The second event is this: Tsotsi stalks a wheelchair bound beggar to rob him and perhaps worse. But some impulse leads Tsotsi to question the man about his disability. Tsotsi learns that the man's back had been broken in an accident in the gold mine where he worked, leaving him paraplegic. Tsotsi asks the man why he wants to keep living this way, "like a dog" (like Tsotsi's own broken dog back in his childhood). "Because I like to feel the sun on my face," the man replies. Tsotsi seems stunned by this answer, contrite almost, and he puts away the pistol with which he had very likely meant to kill the beggar, and he leaves.

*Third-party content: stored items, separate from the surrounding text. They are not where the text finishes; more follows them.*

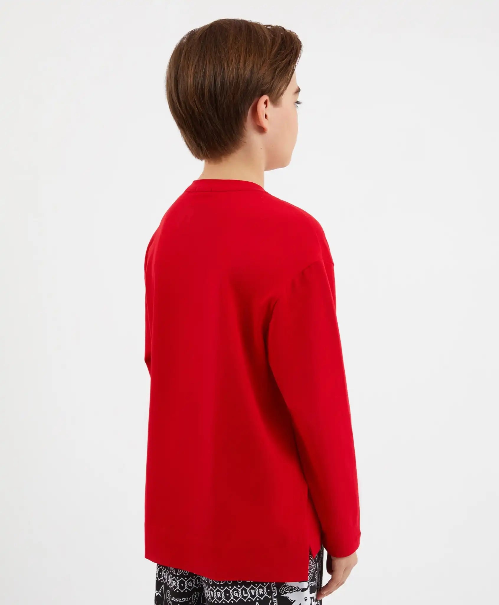 Tricoul roșu deschis cu mânecă lungă este o piesă ce emană energie! Culoarea modernă, designul stilat și croiala amplă, cu umeri lăsați și spate prelungit, îl fac o alegere perfectă pentru garderoba zilnică a unui adolescent. Modelul este decorat cu un imprimeu geometric cu textură fină și o imagine embosată a unui câine de mari dimensiuni, oferindu-i un aer puternic și masculin. De asemenea, tricoul include un mic steag textil cu cod QR care direcționează către site-ul brandului Gulliver.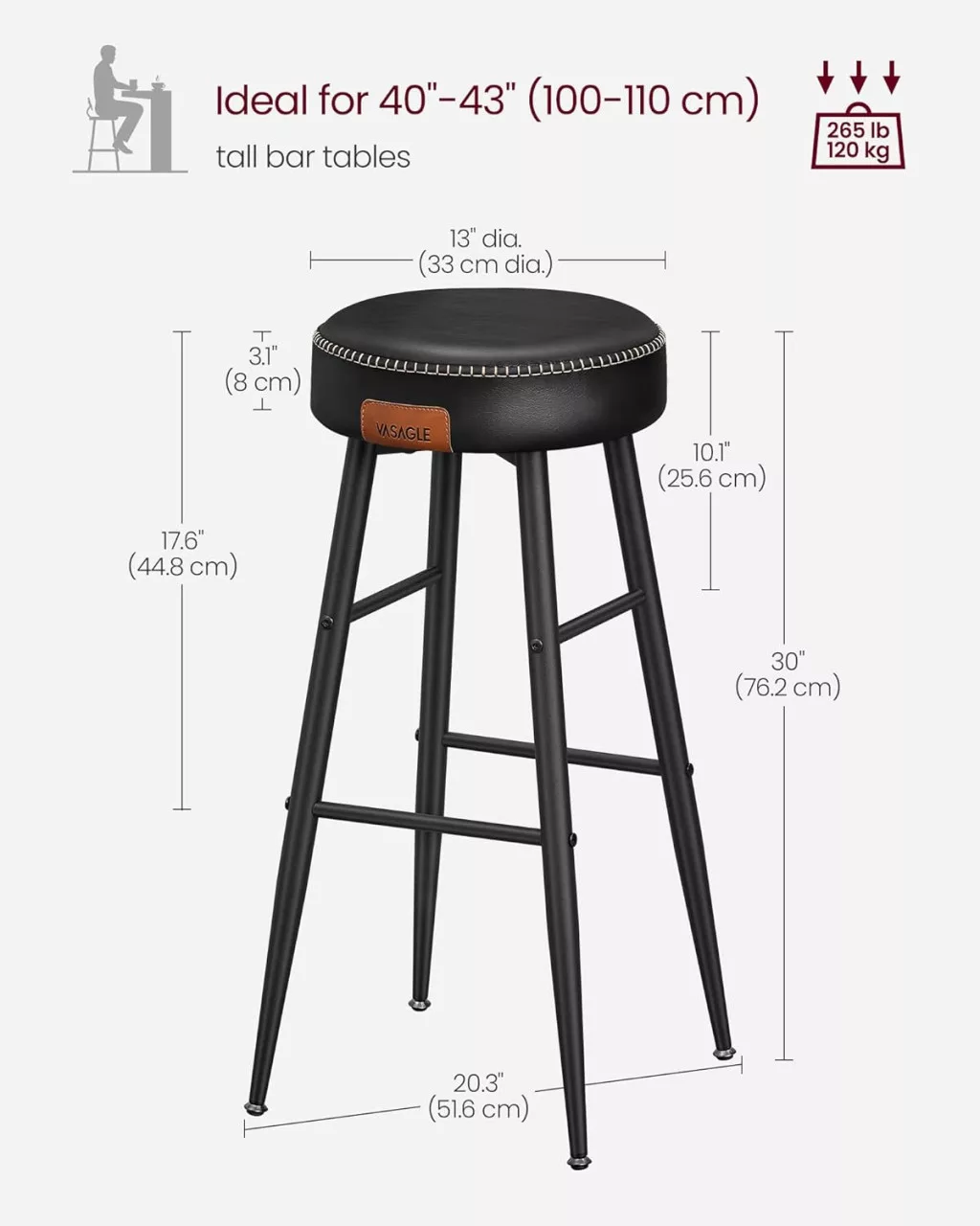 VASAGLE Echo Collection ULBC090B01 bárszék 2 db-os szett műbőr fekete 76 cm magas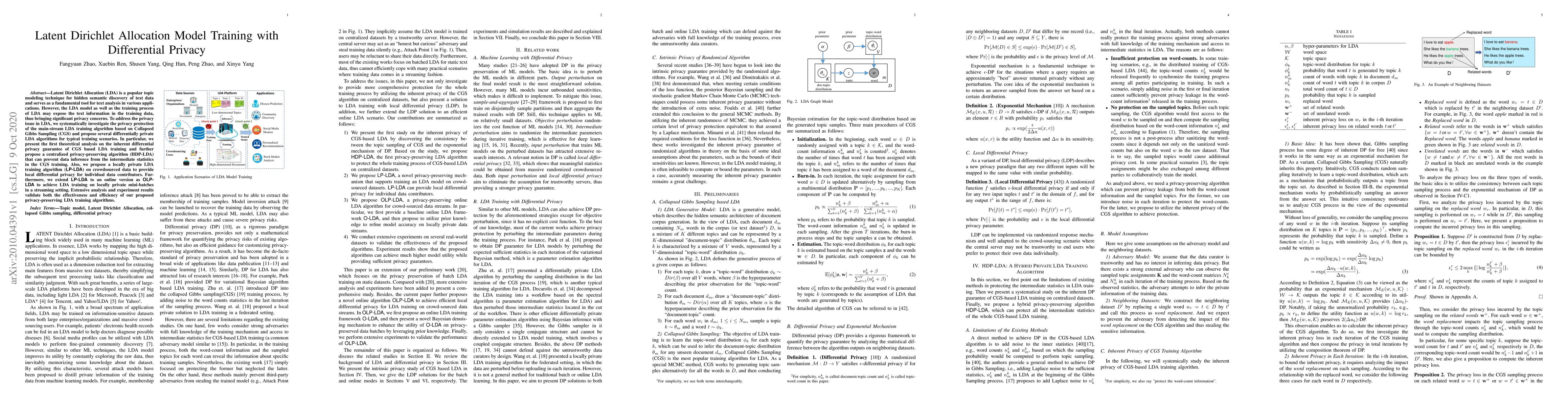 This paper proposes differentially private Latent Dirichlet Allocation (LDA) algorithms to address privacy concerns during LDA training. It introduces HDP-LDA for centralized privacy protection and LP-LDA for local privacy in crowdsourced data, extending LP-LDA to OLP-LDA for streaming settings. Experimental results demonstrate the effectiveness and efficiency of these privacy-preserving LDA training methods.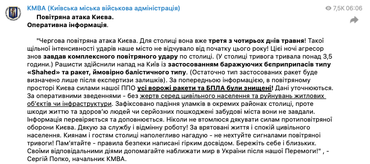 "За попередньою інформацією, у повітряному просторі Києва силами нашої ППО всі ворожі ракети знищені. За оперативними даними - без жертв серед цивільного населення та руйнувань житлових об'єктів чи інфраструктури", - заявив Попко.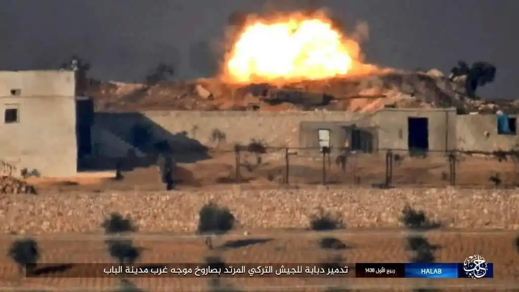 Вскоре «информационное агентство» террористов отчиталось об очередных достижениях группировки. Утверждалось, что в ходе боев за г. Эль-Баб террористы смогли отбить у турецкой армии танки «Леопард-2». Опубликованные фотографии показывали, что Турция потеряла не менее двух машин этого типа, а также некоторое количество другой материальной части. Любопытно, что даже через полгода так и не появились сообщения об эксплуатации таких танков подразделениями террористов, которые ранее достаточно активно применяли трофейную бронетехнику других типов.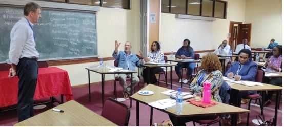 Fr. Dr. Odomaro Mubangizi, SJ facilitating a class on Faith and Finances at Baraka Agricultural College in Molo.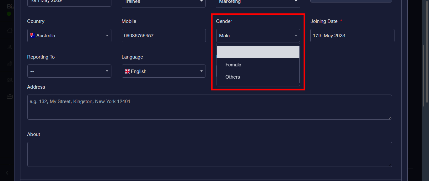 Step 13: Enter Gender from the dropdown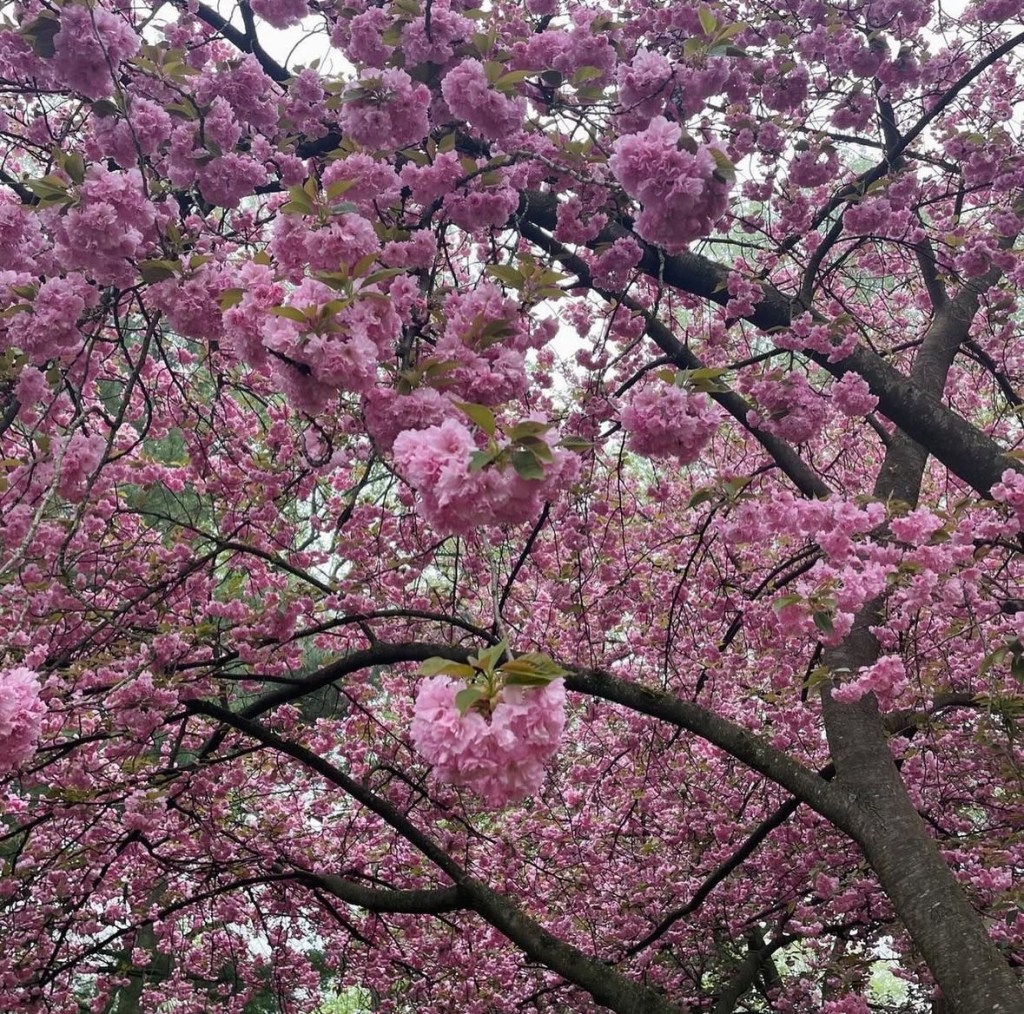 As I walked past a strip of rather modest houses, I was greeted in a sea of green by a fluffy, pink flower of a tree. The tree’s branches shot upwards in a nesting bundle with the longer, lower branches serving as the bouquet’s foundation. The inner branches had steeper slopes and had grown sharply towards the sky, though many were crookedly shaped and bore off-shooting, twig-like branches. Most of the flowered parts of the tree were covered in small, crumpled bunches of a dusty amaranth color. There were sporadic placements of bubblegum-colored flowers that looked like uncoupled pom-poms. The gentle contrast of color made the tree mesmerizing and I found that I had come to a full stop to gawk at it. The base of the trunk was entrenched by a sea of tall, thick grass and three coral-colored tulips. The home that sat just beyond the tree was rather lackluster: a tan, two-story home with evergreen trim along the windows.

This opening of Tsotsi's memories and feelings prompts a profound turnabout in his behavior. He finds a young mother in the neighborhood to nurse the baby and experiences tender feelings toward her. He makes amends to a fellow gang member he had beaten severely. He seeks out the disabled beggar and gives him a horde of cash. Finally, at the end, he returns the baby to its parents (the mother he shot survived though she now has lost the use of her legs) and meekly surrenders to police, tears streaming down his cheeks.

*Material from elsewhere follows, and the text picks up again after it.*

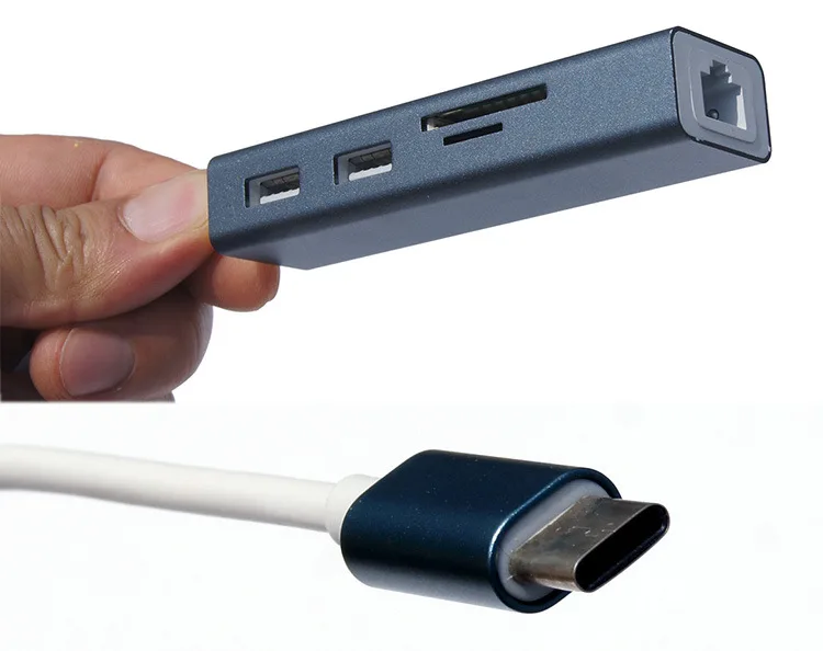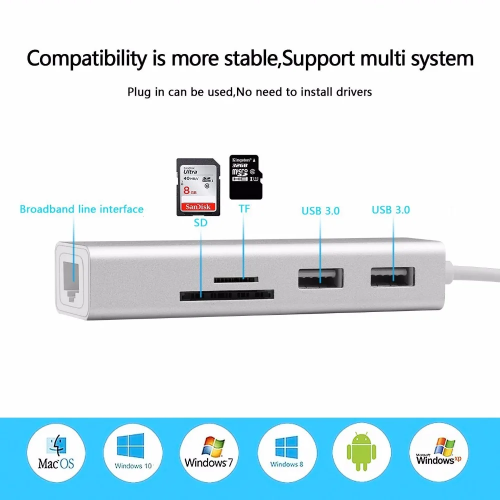 1. Multi function 5-in-1 USB Type-c Hub Adapter Converter Connector Dock [2 x USB 3.0 Ports, 1 x SD Card Slot, 1 x TF Card Slot, 1 x RJ45 10/100/1000 Gigabit Ethernet Network Adapter Converter]: adds USB 3.0, SD card Slot, Micro SD card Slot and Network Adapter to your Latest USB-C PC, Compatible with Macbook 12", Chromebook Pixel, One Plus 2 and other USB type C devices.

This transformation in Tsotsi is played quite unabashedly for sentiment: we are heavily exhorted toward pathos not only by the rapid sweep of Tsotsi's redemptive actions but also by an insistent musical score composed toward the end largely of chanted lamentations. Poignant though the circumstances may be, I felt manipulated to accept Tsotsi's turnabout even as I reflected on how unrealistic, how unlikely, it would be for such a transformation to occur in a young man who was seemingly so callous, so heartless, just a few days earlier. The suspension of disbelief required here is for me more than a bit much.

But there is another way to regard this film, one that leads me to a more favorable perspective. The screenplay (written by the director, Gavin Hood) is based on a novel (of the same title) by South Africa's great playwright, Athol Fugard. His plays most often concern the experiences and plights of black Africans. Now 73, Fugard was one of the first white playwrights in Africa to work with black actors and theater staff. Well known in South Africa also for his essays and poetry, "Tsotsi" is, surprisingly, the only novel he has ever created. Written in 1959-60, it was not published until 1980. It is of interest that all of the crimes and violent acts depicted in the film (I have not read the novel to compare) are black-on-black.

The intimacy of filmed narratives is such that we tend to think only of the particular characters and circumstances at hand. Not so in the theater. On stage, we expect the story to represent larger themes and the particular characters also to be proxies for others, for whole groups or societies even. It is not unreasonable to presume that, as in his plays, Fugard intended that the story of Tsotsi to be construed allegorically. Thus he – and by extension this film adaptation – may really be conveying Fugard's vision that despite the incredible hardships that black South Africans have endured from whites, they have in turn brought violence and destruction upon themselves as well, and that they hold within their own hands the means of altering their collective conduct for the better.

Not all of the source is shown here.